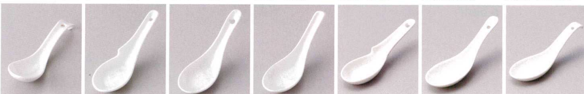
A2140-131 白ラーメンレンゲ(小) 360円 (15.5×4.5cm) A2141-091 ハラ掛穴レンゲ 380円 (14.3×4.5×5cm) A2142-091 穴チリレンゲ 400円 (14.5×4.4×5cm) A2143-091 掛レンゲ 380円 (14.8×4.7×5cm) A2144-311 白カギ付レンゲ 330円 (15.5×4.3×3.7cm) A2145-311 白穴匙 310円 (13.5cm) A2146-161 白反レンゲ 300円 (14×4.5cm)
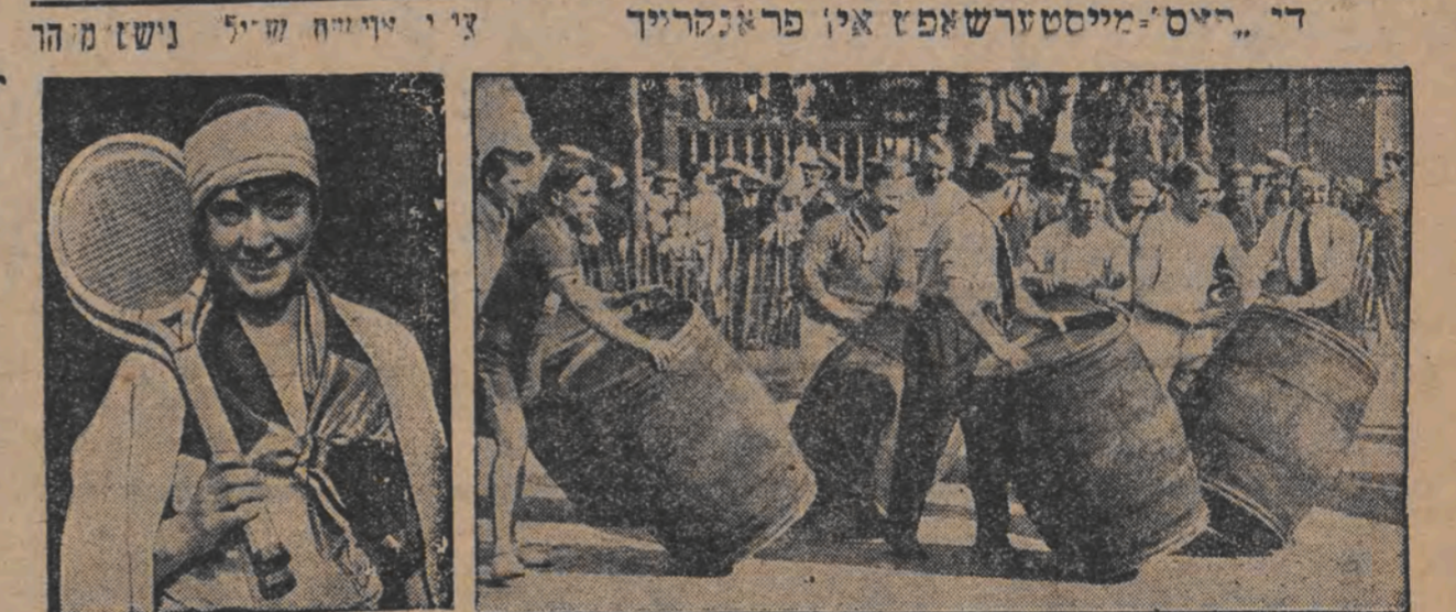
די דייטשע מעניס-מייסטערין אויסעם האט זיך צוליב איהר געזונט-צושטאנד צוריקגעצויגען פון שפילן.
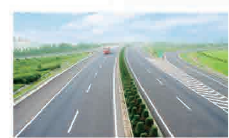
特殊独立隧道专项监理资质 公司参与监理的临长高速公路是湖南省第一条采用沥青混凝土路面和首条实施绿色通道工程的高速公路。项目获评2005年度土木工程詹天佑大奖
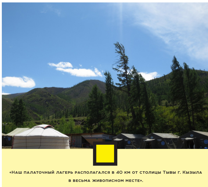
«НАШ ПАЛАТОЧНЫЙ ЛАГЕРЬ РАСПОЛАГАЛСЯ В 40 КМ ОТ СТОЛИЦЫ ТЫВЫ Г. КЫЗЫЛА В ВЕСЬМА ЖИВОПИСНОМ МЕСТЕ».

«Кызыл – Курагино» – это нечто большее, чем просто экспедиция, это новая страничка в жизни каждого ее участника, новые эмоции, новые впечатления, новые знакомства... Для каждого из нас это была маленькая сказка, которая длилась один месяц. И, как сказал один из волонтеров, «мы оставили частичку своей души в этой экспедиции».
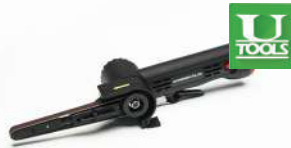
รหัสสินค้า FU110M
══════════
Your objective -> Copy out, unchanged, the span of lines beginning with the one that includes "ПАЛАТОЧНЫЙ ЛАГЕРЬ РАСПОЛАГАЛСЯ" and running through the final line of the material above. Leave the pictures out.

Answer space ->
«НАШ ПАЛАТОЧНЫЙ ЛАГЕРЬ РАСПОЛАГАЛСЯ В 40 КМ ОТ СТОЛИЦЫ ТЫВЫ Г. КЫЗЫЛА В ВЕСЬМА ЖИВОПИСНОМ МЕСТЕ».

«Кызыл – Курагино» – это нечто большее, чем просто экспедиция, это новая страничка в жизни каждого ее участника, новые эмоции, новые впечатления, новые знакомства... Для каждого из нас это была маленькая сказка, которая длилась один месяц. И, как сказал один из волонтеров, «мы оставили частичку своей души в этой экспедиции».
รหัสสินค้า FU110M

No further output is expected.